* _Your task_
Skip every picture, and output exactly the lines starting at the one with "Ежи-малыши медленно, но" and running through the last line of the material below.

* _Data provided_
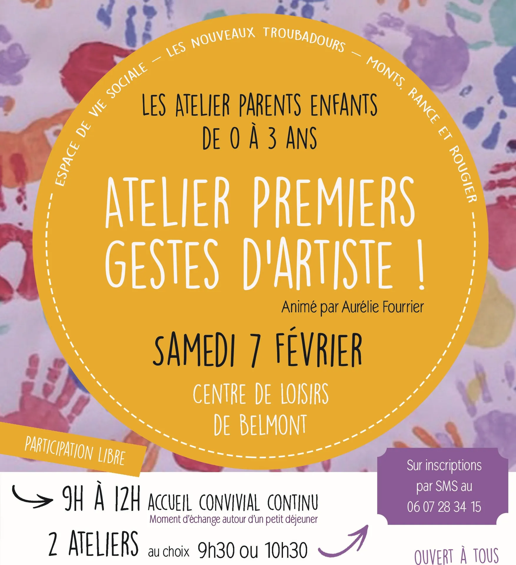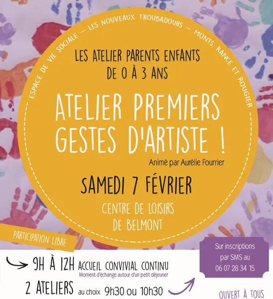 L’espace de vie sociale organise à l’occasion deux ateliers de 45min pour les petits artistes en herbe animé par Aurélie Fourrier pour les enfants de 0 à 3 ans accompagnés de leurs parents.
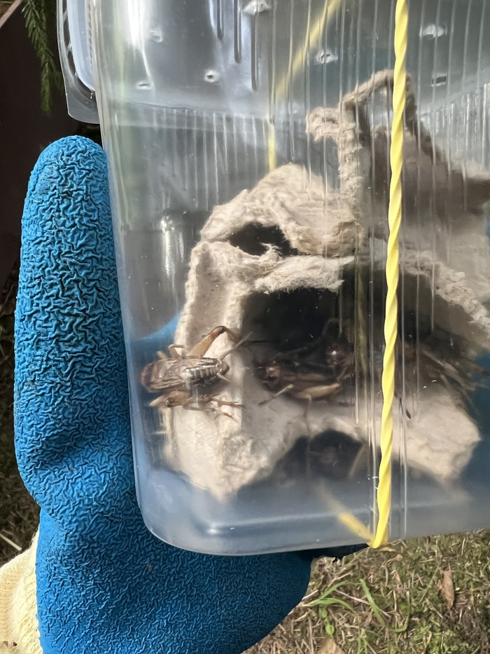 Ежи-малыши медленно, но верно идут к тому, чтоб перестать быть малышами. Насколько мы знаем, мать-ежиха перестает приносить детям еду с ночной охоты в тот момент, когда ежата имеют вес в пределах 200-300 грамм. После этого мать начинает брать потомство с собой на небольшие вылазки. Мы пытаемся сымитировать начало охоты для Сида и Нэнси. Для этих целей используем маленьких лягушек, которых запускаем в загон, или саранчу которую выпускаем в домик на ночь. Все таки мы не уверены, что ежики после зимовки останутся жить на нашем участке, а не убегут в лес. Поэтому они должны уметь охотиться и добывать пищу без наших прикормов.
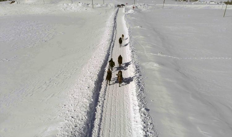 Atlar, kar üstünde yaz yarışlarına hazırlanıyor

* _Response to this task_
 Ежи-малыши медленно, но верно идут к тому, чтоб перестать быть малышами. Насколько мы знаем, мать-ежиха перестает приносить детям еду с ночной охоты в тот момент, когда ежата имеют вес в пределах 200-300 грамм. После этого мать начинает брать потомство с собой на небольшие вылазки. Мы пытаемся сымитировать начало охоты для Сида и Нэнси. Для этих целей используем маленьких лягушек, которых запускаем в загон, или саранчу которую выпускаем в домик на ночь. Все таки мы не уверены, что ежики после зимовки останутся жить на нашем участке, а не убегут в лес. Поэтому они должны уметь охотиться и добывать пищу без наших прикормов.
 Atlar, kar üstünde yaz yarışlarına hazırlanıyor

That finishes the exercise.